The Postal Service could also pursue profits by making big cuts to its footprint of more than 33,000 Post Office locations, Lossing said. In their place, the agency could lean on less resource-intensive pickup and dropoff methods, like UPS does by using local businesses as Access Points.
"Your footprint would look more like a UPS or FedEx," Lossing said.
Rate hikes likely
More aggressive rate increases could also be in the cards. The Postal Service would need to raise parcel delivery prices by at least 30% to earn a reasonable return and stand on its own, Wells Fargo analysts said in a Feb. 27 research note. The agency's pricing was between 25% and 60% lower than FedEx and UPS in Q4 2024, depending on the service, they added.
"I don't know how they would be able to sustain delivery with the current price structure," said Helaine Rich, VP of strategic sales and administration at ePost Global.

While reducing service and prices could benefit the Postal Service's bottom line, it also would come with risks. That would be particularly true for the agency's package delivery offerings that compete with FedEx, UPS and other private carriers.
Too few delivery days from USPS in some areas would give shippers added incentive to use alternative options, experts said. Maintaining reliable service in rural communities is an advantage for the agency in some ways, particularly as e-commerce businesses don't want to be limited by what home addresses they can ship to, according to Lossing.
On the parcel pricing side, the Wells Fargo report noted that aggressive rate hikes from a private Postal Service would help FedEx and UPS by "increasing the floor for" delivery rates. Higher mail prices could accelerate volume declines by incentivizing other forms of communication as well.
Long route ahead
The U.S. also could privatize only some of the Postal Service's operations to limit disruptions to mail delivery.
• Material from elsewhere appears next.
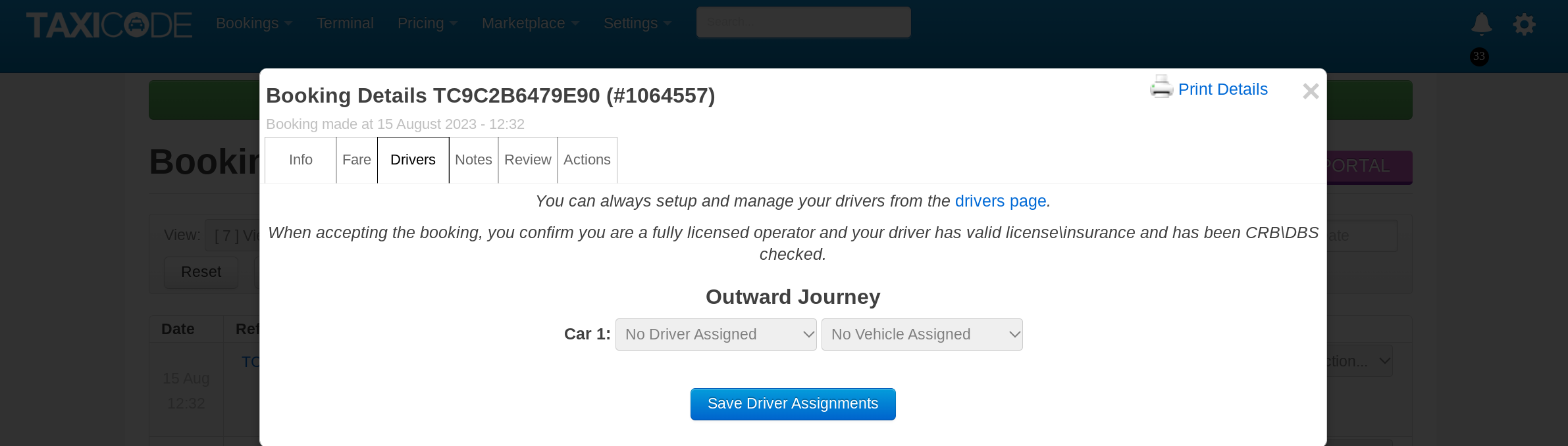 If you have chosen to assign a driver and vehicle at a later date, this can be done by opening the bookings and selecting the "Drivers" tab. From here, you will be able to select the driver and vehicle of your choice. Once this has been done the allocated driver will receive an email and their Taxicode drivers portal will be updated with all the necessary journey information. The passenger will receive an email informing them that a driver has been allocated to their journey along with all the driver's details.

Several experts said the government may keep the mail business under its wing and maintain the agency's universal service obligation while breaking off the package shipping portion that competes with private companies.
"I don't see it happening, obviously, on the letter mail side of things," Rich said of privatization.
Regardless of what form a potential Postal Service privatization would take, it would likely require a multiyear endeavor similar to what countries like Germany experienced while overhauling their postal systems, said Mark Waverek, managing partner at PlaidMark Management and Consulting Services.
"You just can’t snap your fingers and turn it on tomorrow," he said. "This is going to take a well-thought out process of what those cuts are going to be, what it's going to mean to the people on the service side [and] what alternatives are going to be in place. It's going to take time.”